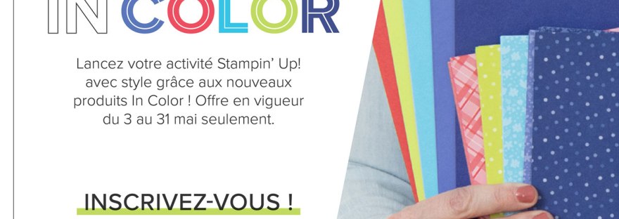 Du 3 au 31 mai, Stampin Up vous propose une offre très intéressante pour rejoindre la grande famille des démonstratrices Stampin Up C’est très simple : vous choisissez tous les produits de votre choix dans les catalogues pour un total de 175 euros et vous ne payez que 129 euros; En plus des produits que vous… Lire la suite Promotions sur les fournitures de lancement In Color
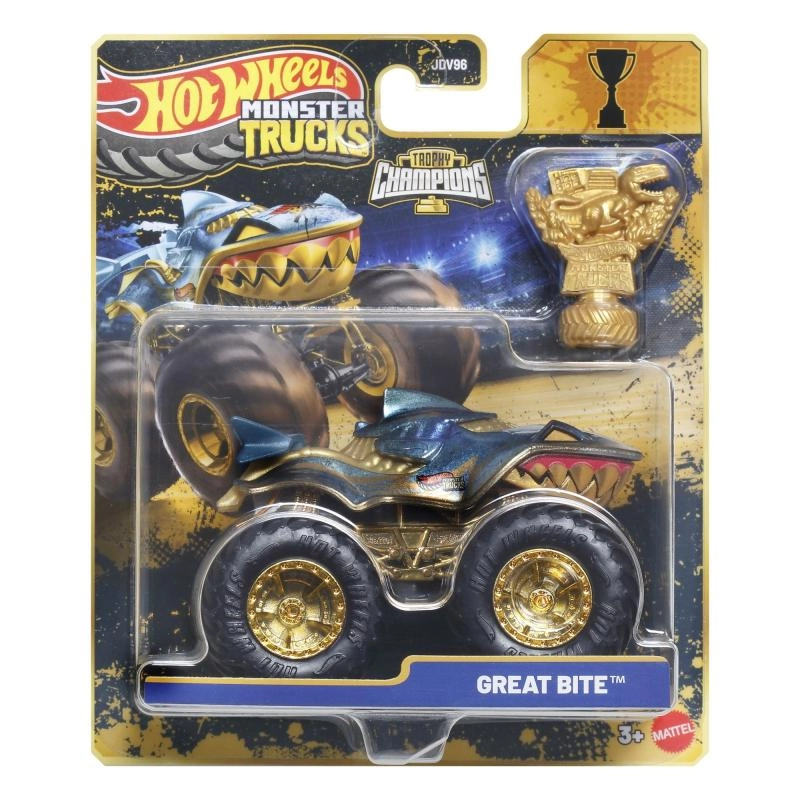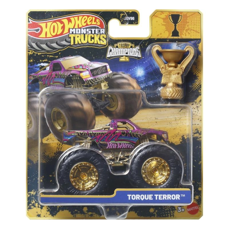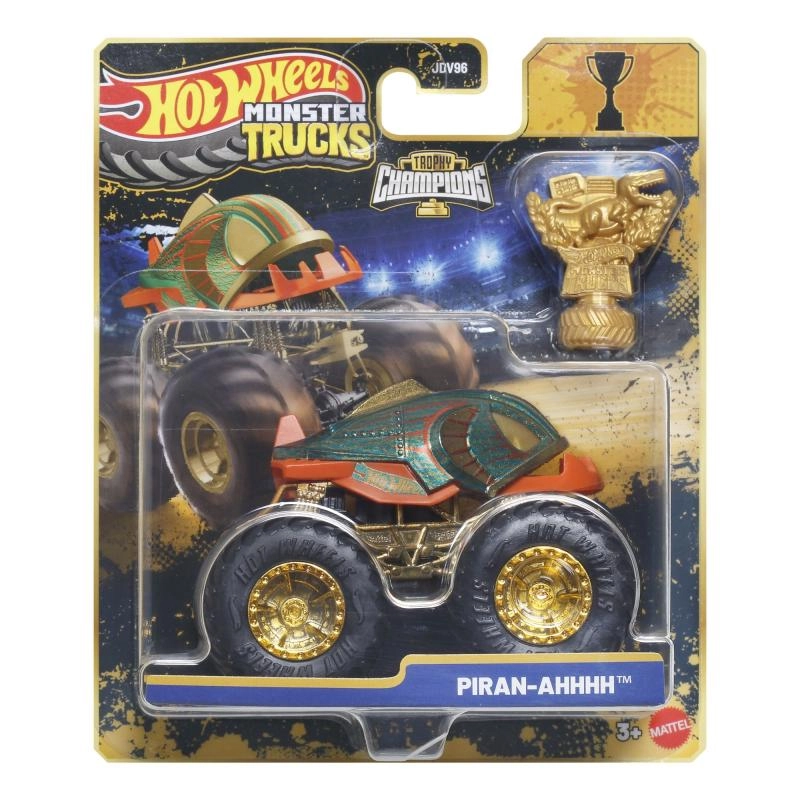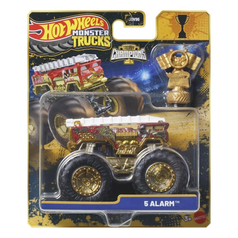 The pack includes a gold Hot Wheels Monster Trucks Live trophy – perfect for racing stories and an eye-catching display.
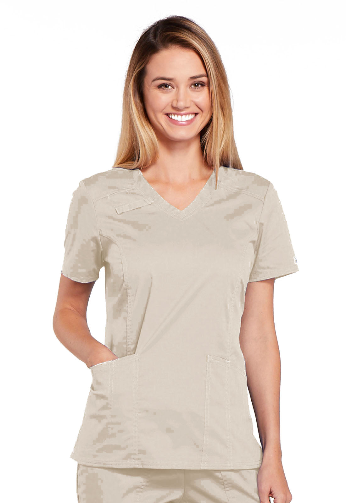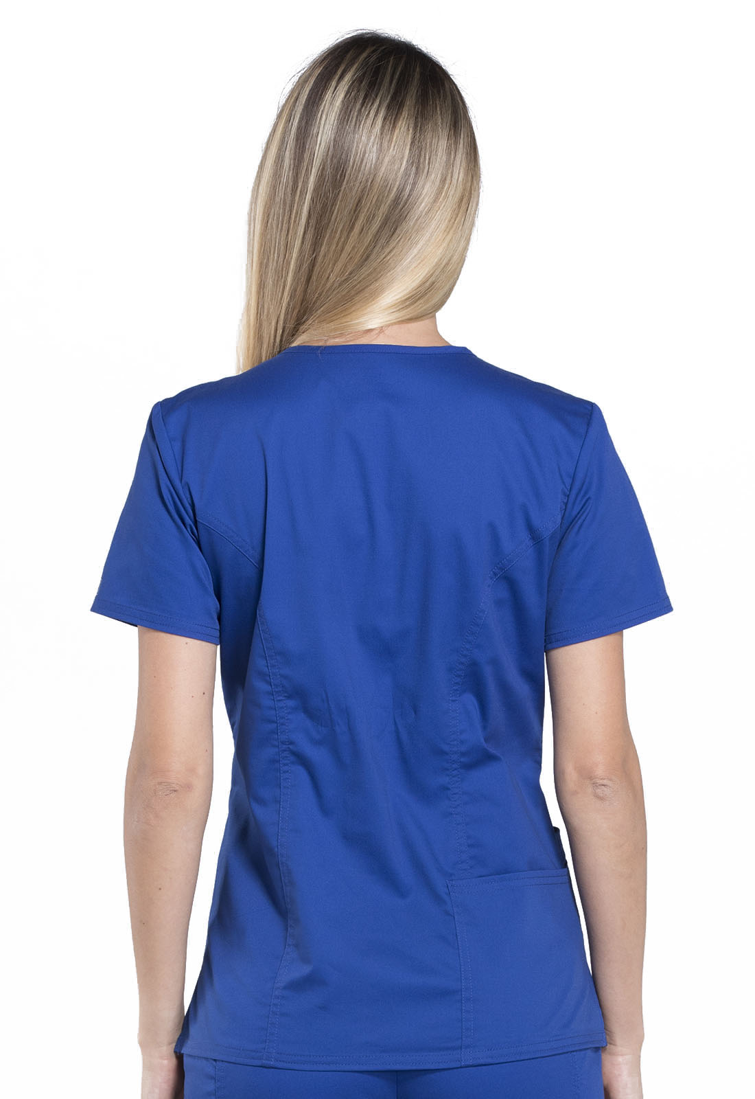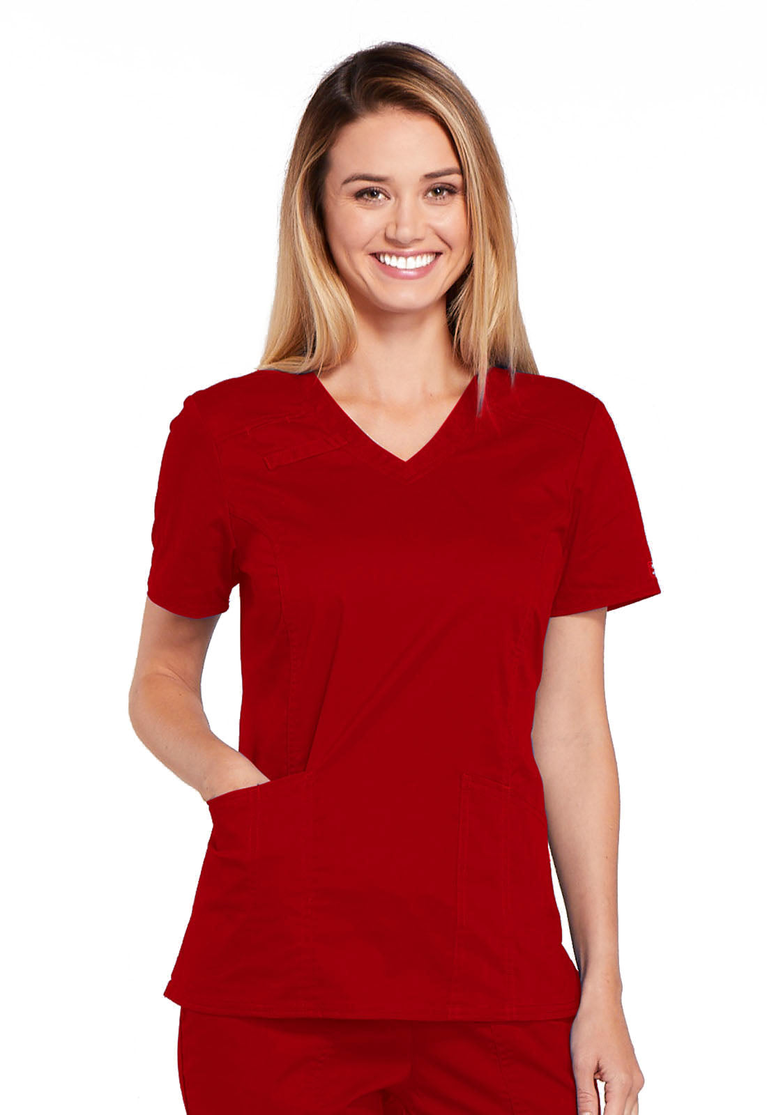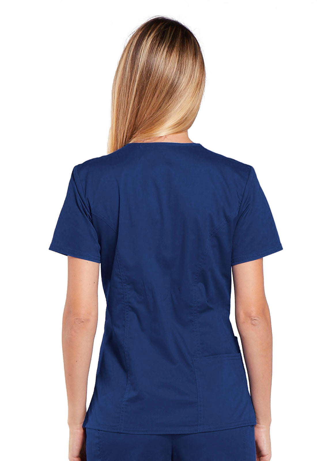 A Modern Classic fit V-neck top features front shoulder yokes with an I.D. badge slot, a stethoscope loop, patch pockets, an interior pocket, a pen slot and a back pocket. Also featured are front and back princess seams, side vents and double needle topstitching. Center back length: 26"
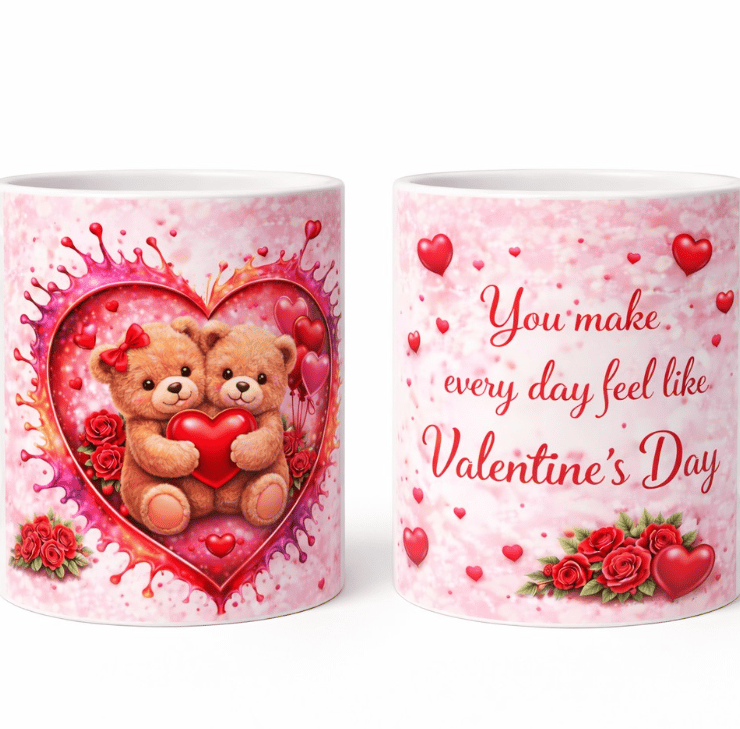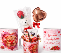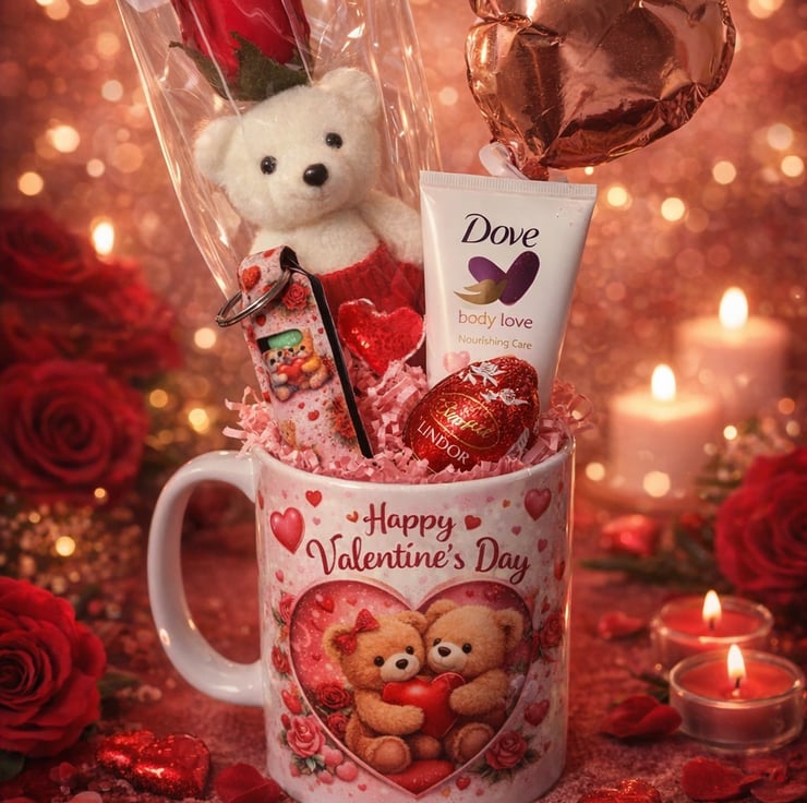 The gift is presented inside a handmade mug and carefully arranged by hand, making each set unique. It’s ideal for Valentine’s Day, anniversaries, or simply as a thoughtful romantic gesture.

━━━━━━━━━━

▸ Task item
Leaving the pictures out, transcribe word for word the lines from the one with "The pack includes" to the end of the material above, inclusive, and nothing else.

▸ Answer to the exercise
 The pack includes a gold Hot Wheels Monster Trucks Live trophy – perfect for racing stories and an eye-catching display.
 A Modern Classic fit V-neck top features front shoulder yokes with an I.D. badge slot, a stethoscope loop, patch pockets, an interior pocket, a pen slot and a back pocket. Also featured are front and back princess seams, side vents and double needle topstitching. Center back length: 26"
 The gift is presented inside a handmade mug and carefully arranged by hand, making each set unique. It’s ideal for Valentine’s Day, anniversaries, or simply as a thoughtful romantic gesture.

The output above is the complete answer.